In Dutch: verjaardagskalender (birthday calendar) = verjaardag (birthday) + kalender (calendar)
In Finish: kukkakimppu (flower bouquet) = kukka (flower) + kimppu (bouquet, collection)
In Japanese: お好み焼き (okonomiyaki) = お好み (okonomi, preference) + 焼き (yaki, cooking)

German compounding & compounds

Compounding can produce extremely long words in some languages. In German, compounds have no size limits. In 1996, the Guinness Book of World Records recognized Donaudampfschiffahrtselektrizitätenhauptbetriebswerkbauunterbeamtengesellschaft (from the Association for Subordinate Officials of the Main Maintenance Building of the Danube Steam Shipping Electrical Services) as the longest published word.

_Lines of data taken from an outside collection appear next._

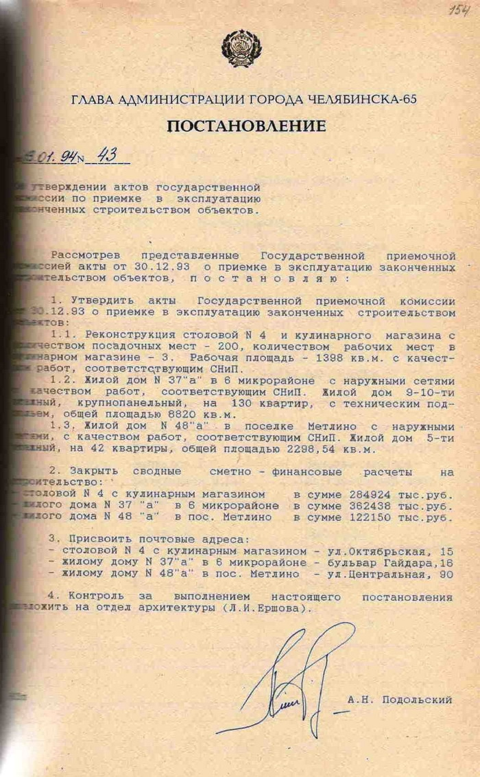 Как выглядели постановления первого мэра Озерска - А.Н. Подольского. Это было за № 43. Чётко, солидно, ответственно...
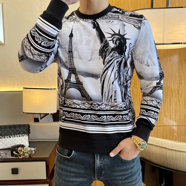 Post-Chinese New Year Return/Exchange Dg Ss Autumn Hot New Arrival, Top-Quality Fashion Printed Sweatshirt, a classic piece that comes out every year. Favored and recommended by many celebrities, made with selected high-end European cotton blend fabric, meticulous craftsmanship, original hardware and logo design, soft and smooth, dense texture! Stylish and fashionable when worn! One of the impeccable must-have styles for autumn! M-3XL Model 178cm, 145kg, wearing size L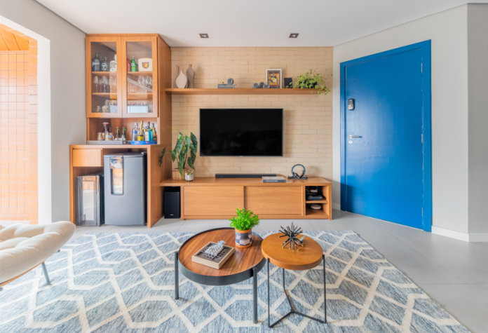 A grande porta azul dessa sala de estar denota a criatividade do arquiteto Bruno Moraes para emanar a juventude e a alegria dos moradores. Na toada de uma arquitetura de interiores com um toque de rusticidade, a estética do tijolinho aparente da parede onde está a TV complementa a proposta | Projeto BMA Studio | Foto: Guilherme Pucci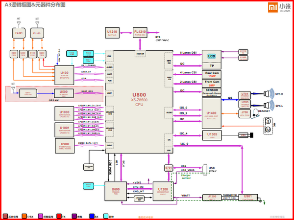 小米平板2电路原理图+位号图+元件分布图+逻辑框图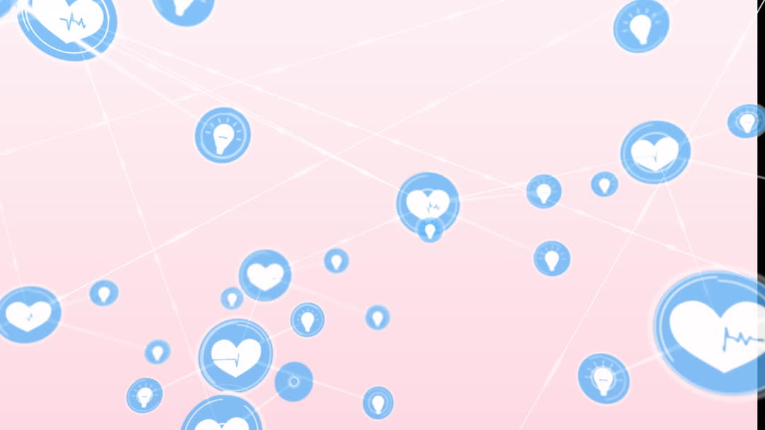 This digital animation features interconnected heart and lightbulb icons set against a soft pink background. The videory represents connectivity, innovation, and sharing of ideas in a digital landscape. It is ideal for use in projects related to online communication, technology innovation, conceptual learning, and digital networking illustrations.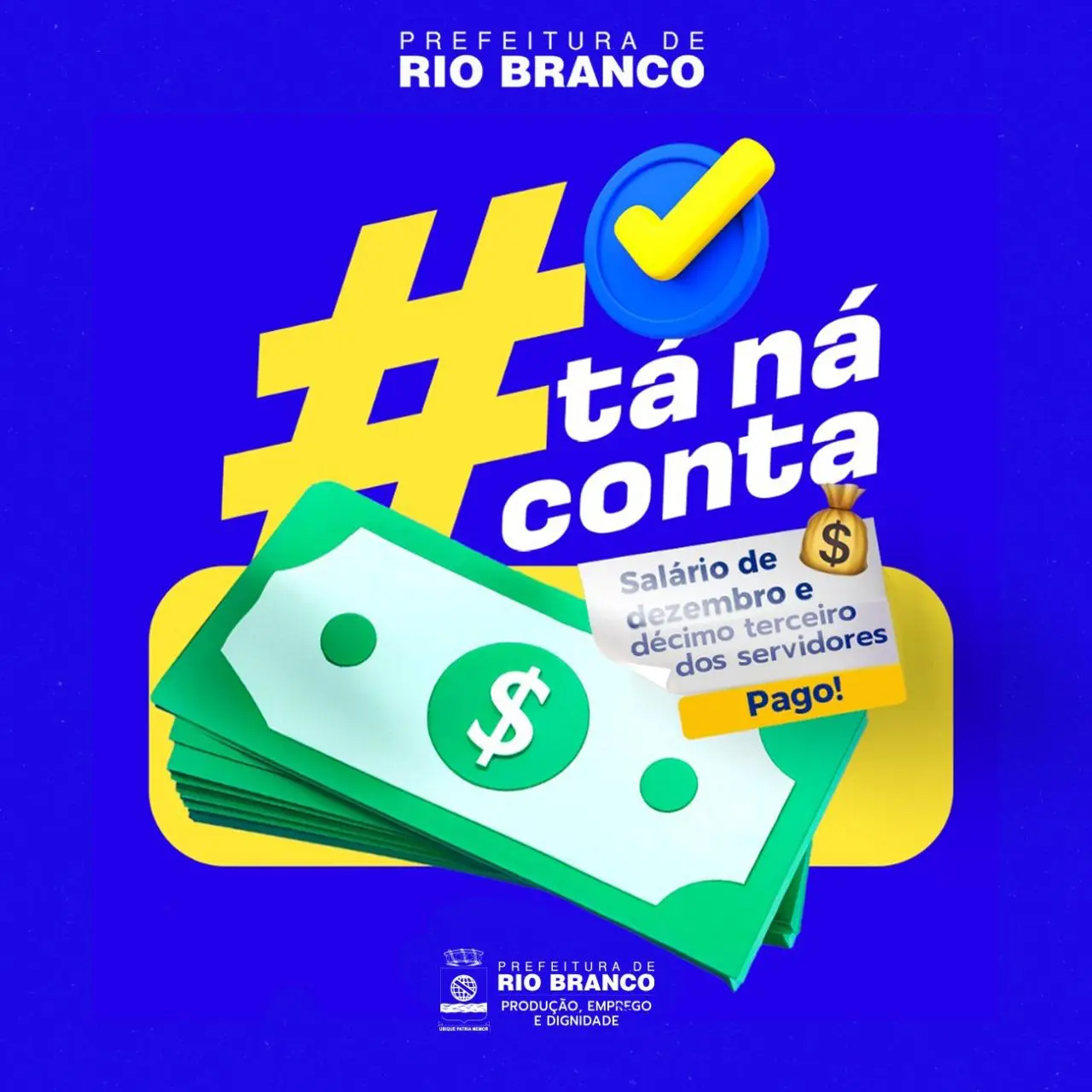 Cerca de R$ 110 milhões foi o valor pago pela prefeitura de Rio Branco nesta sexta-feira (20), aos servidores públicos municipais. O montante é referente aos salários do mês de dezembro, 13º salário e verbas rescisórias de 9 mil servidores entre ativos (efetivos, temporários, comissionados) e inativos (aposentados e pensionistas).

In Germanic languages, a compound is usually composed of a head and one or several modifiers. The head is on the right (the end of the word), with the modifier branch on the left. They are often connected using linking morphemes. In linguistics, a morpheme is the smallest unit of meaning (think dogs = dog + s or uncomfortable = un + comfort + able), and linking morphemes are used to connect words. They can also be used to express a degree of inflection, such as when using the genitive or plural:

Hundehütte
Voorlichtingssysteem (Voorlichtingssysteem, prevention system in Dutch)
Eftermiddagskaffe (Eftermiddagskaffe, afternoon coffee in Danish)

Linking morphemes

Linking morphemes are language dependent. Here are examples from several languages:

Swedish: o, u, e, s
Dutch: s, e, en
German: s, e, en, n, nen, ens, ns

Some words may be partially cut when connected, as in Fahrschule (driving school); the verb Fahren (to drive) is cut to its stem.

What is decompounding?

Decompounding is the act of splitting a compound into its meaningful lexemes; extracting every meaningful unit.

One thing we must avoid is breaking down words a bit too much. For example, the Dutch word Voorlichtingssysteem (prevention system) can be cut into Voorlichting (prevention) + s (plural) + Systeem (system). Stopping there would make sense. We could keep going by cutting Voorlichting into Voor (in front of) + lichting (batch), but at that point, we’d lose the true meaning of the compound.

Typical methods of decompounding

Most decompounding methods are based on a lexicon of words that shouldn’t be split further. We will call these words atoms. For example, in the German word Wissenschaftskolleg (science college), the atoms are Wissenschaft (science) and Kolleg (college). Wissenschaft could be cut into Wissen (knowledge) and Schaft (shaft), but by doing that, we’d lose the original meaning. Using this lexicon, we can easily split compounds by finding the longest atoms that can fit perfectly inside them.

We can do this in several ways. Decompounding technologies apply different methods:

JWord Splitter recursively cuts from left to right
Banana Splitter goes from right to left, greedily trying to match the longest atoms
ASV Toolbox uses a Patricia tree

Advanced decompounding techniques: frequency & natural language processing (NLP)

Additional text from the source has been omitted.